Question

1. Read am authoritative source for a dicussion of filtration

2. What safety precautions should be taken when evaporating the filtrate containing NaCl?

3. Define the following terms as they apply to this experiment

(1) homogeneous mixture

(2) evaporation

(3) residue

4. A student was asked to determine the percentage of each each component in a mixture of sodium nitrate (NaNO3) and calcium carbonate(CaCO3). The mass of the sample used was 2.21g. The student extracted NaNO3 from the mixture with water and separated the insoluble CaCO3 from the soltuion by filtration. After evaporating the filtrate, the student recovered and dried the NaNO3, and found that it weighed .43g . The student dried the insoluble resiude of CaCO3 and found that it weighed 1.67g

(1) On the basis of the mass of sample used

(a) calculate percent NaNO3 in the mixture

(b) calculate percent CaCO3 in the mixture

(2) Calculate the total mass of the NaNO3 and CaC03 recovered

(3) Calculate the percent recovery of the compents, using the total mass of the substances recovered.
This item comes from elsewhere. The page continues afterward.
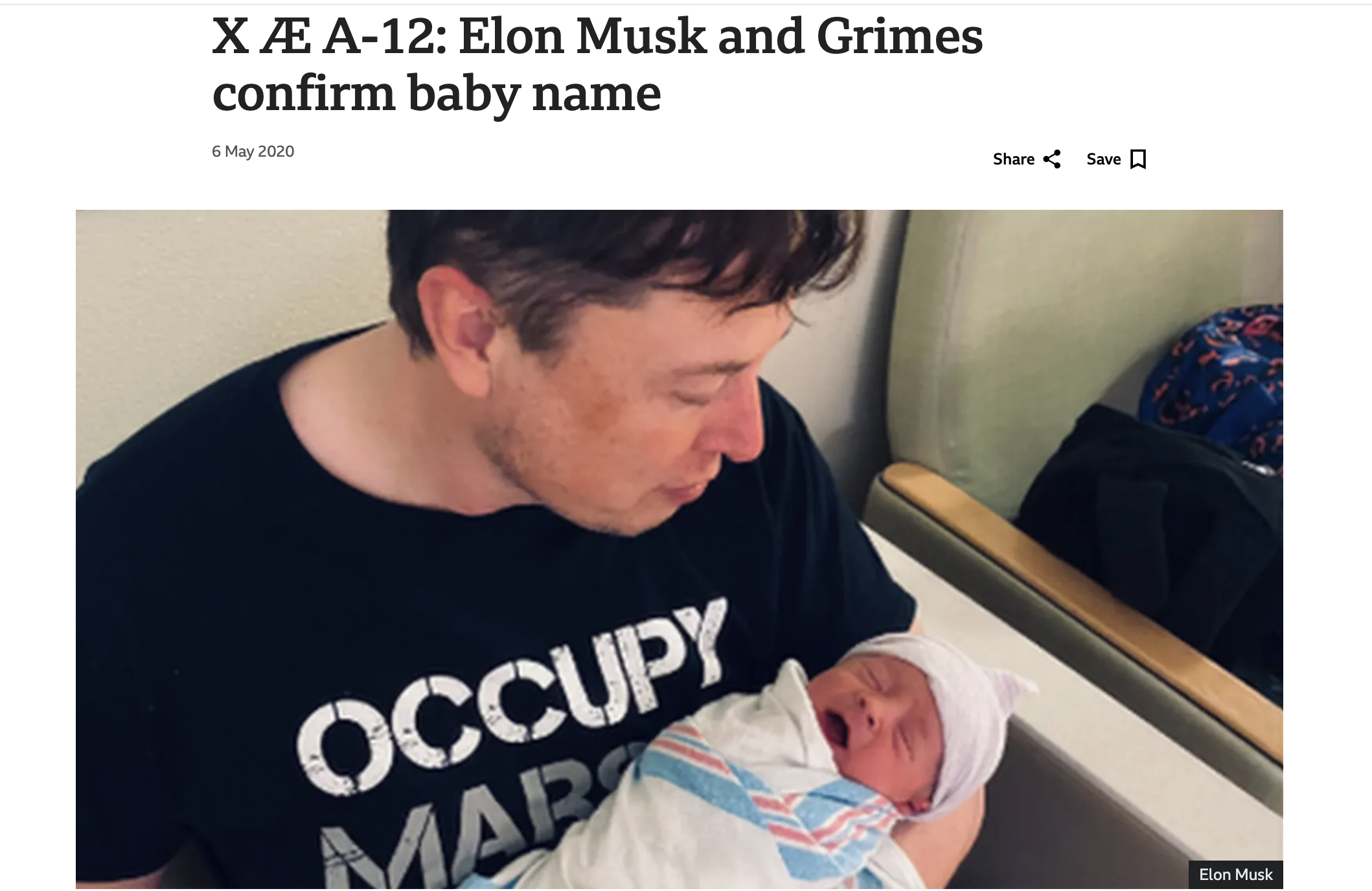 甚至,他给自己最宠爱的儿子取名 X Æ A-12,在日常生活中,他只叫他“Little X”。

(4) Calculate the percent error for the separation of the components of the mixture

Answer 1

1. Filtration is a technique by which a solid is separated from solution called filtrate. Filtration is done using filter paper.

2. Safety precautions while doing filtration of NaCl solution would be, to wear proper safety wear as lab coat, safety glases, gloves and filtration done is a fume hood to avoid any spillage outside.

3. Definition

(1) Homogeneous solution - A single phase system wherein, all the components are soluble in one phase.

(2) evaporation : is a technique to convert a liquid phase system to a gaseous phase system.

(3) residue : The solid left on the filter paper after the filtration is done.

4. NaNO3 and CaCO3

(1) mass of NaNO3 collected = 0.43 g

mass of CaCO3 collected = 1.67 g

(a) percent NaNO3 in sample = 0.43 g x 100/2.21 g = 19.46%

(b) percent CaCO3 in sample = 1.67 g x 100/2.21 g = 75.56%

(2) total mass recovered = 0.43 + 1.67 = 2.1 g

(3) percent recovery of components = 2.1 g x 100/2.21 g = 95.02%

(4) percent error for separation = 100 - 95.02 = 4.98%